• **What needs to be done**: Please print the line that holds "떠서 권장하지 않음)" and each line after it to the end of the data, word for word, without any pictures.

--- START ---

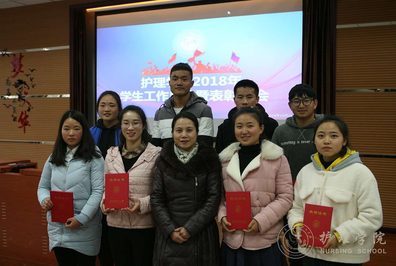 其次,由王秀红宣读2018年学生工作获奖名单,并向获奖者表示祝贺。接着,BEAT365英国官网的领导、老师为获奖的先进集体和个人颁发了荣誉证书,并与获奖者合影留念。
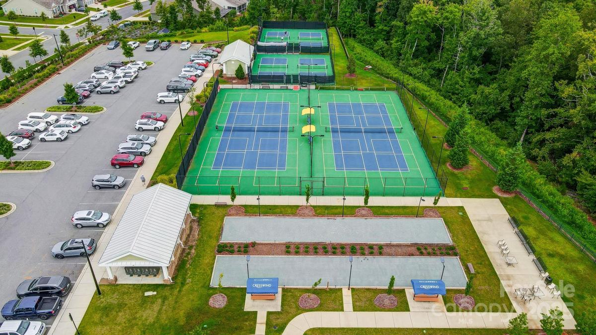 Lock and Leave lifestyle with this beautiful ranch home with maintenance-free living included! This home is located in a beautiful resort style amenity neighborhood! Luxury vinyl plank flooring flows throughout the entire home—NO carpet. The upgraded entertainers kitchen offers granite countertops, an island with built-in storage and roll-out trash, walk-in pantry, gas range, upgraded lighting, and a pass-through to the sunroom. A spacious dining area with a sleek linear fixture is ideal for hosting large family gatherings. The private primary suite features a tray ceiling, expansive L-shaped walk-in closet, dual vanities, and a zero-entry walk-in shower. A second bedroom is thoughtfully positioned away from the primary suite for added privacy with access to a full bath. The office includes French doors, built-in storage, and a Murphy bed for flexible use. Enjoy the extended sunroom—perfect for cards, puzzles, or relaxing—or step outside to the covered rear porch with privacy shade and paver patio. Additional highlights include an epoxy-coated garage floor and a laundry room with sink and cabinetry and a fenced yard. HOA includes lawn maintenance, basic cable, security system, lawn care, and amazing community amenities. There is a social director for those who want to join in on all the fun-completely optional! Conveniently located near the new Publix and Novant Medical Center/Hospital with direct neighborhood access to both and several new restaurants minutes away.
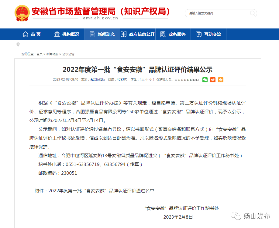 公布2022年度第一批“食安安徽”品牌认证评价拟通过名单
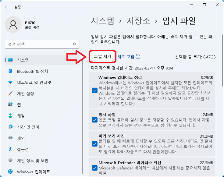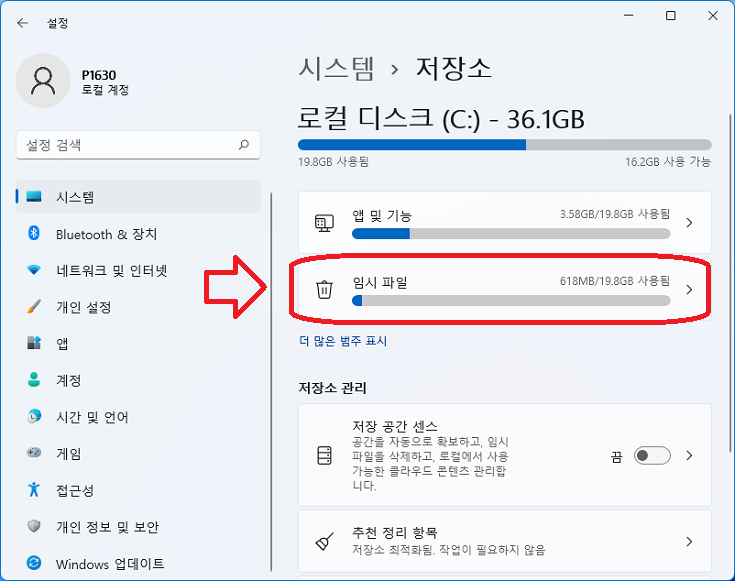 (하단에 "추천 정리 항목"이라는 것도 있지만, 개인적으로는 꼭 필요한 파일들을 삭제하라고 떠서 권장하지 않음)
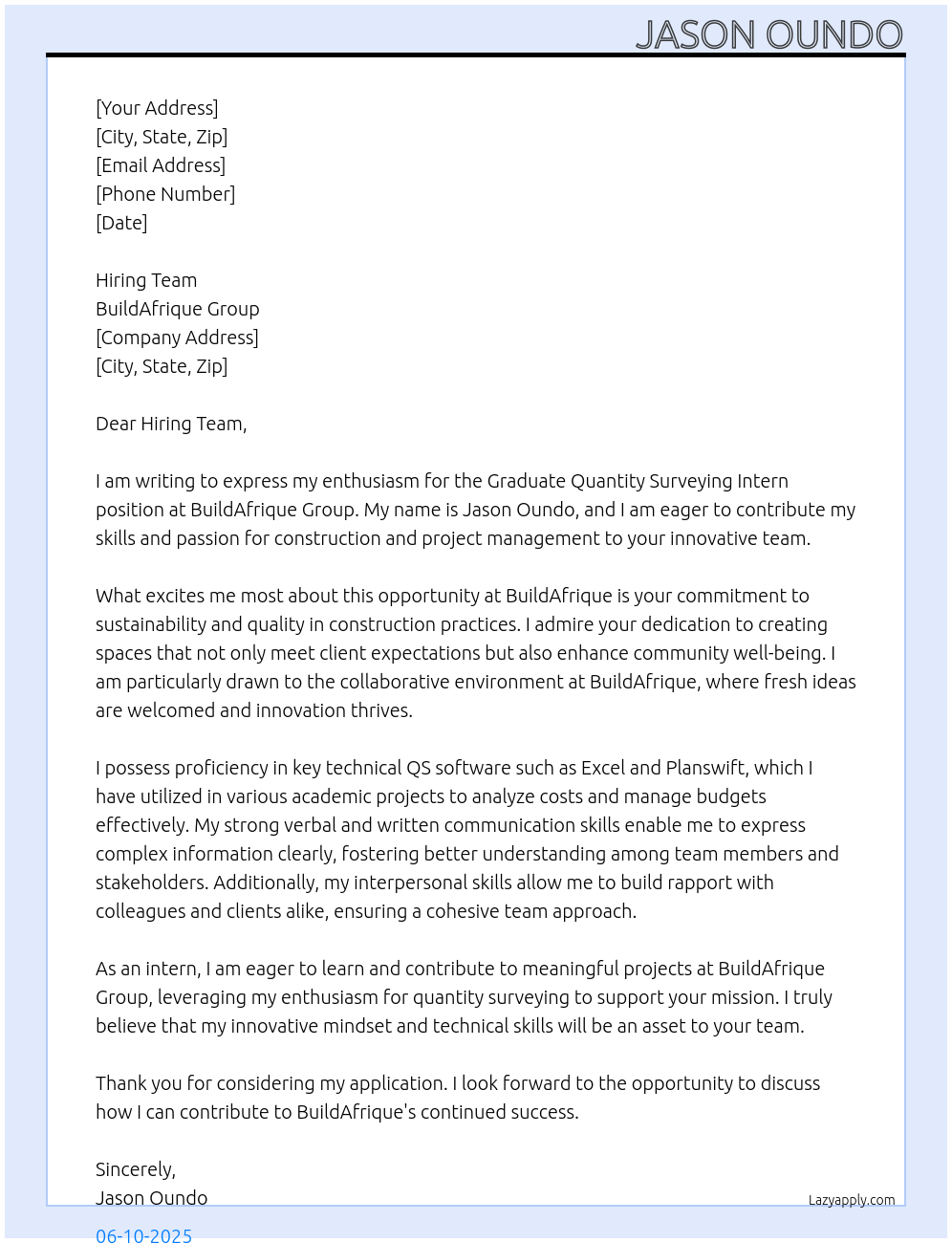 Graduate Quantity Surveying Intern Cover Letter At BuildAfrique Group

--- END ---

• **Your solution**:
 (하단에 "추천 정리 항목"이라는 것도 있지만, 개인적으로는 꼭 필요한 파일들을 삭제하라고 떠서 권장하지 않음)
 Graduate Quantity Surveying Intern Cover Letter At BuildAfrique Group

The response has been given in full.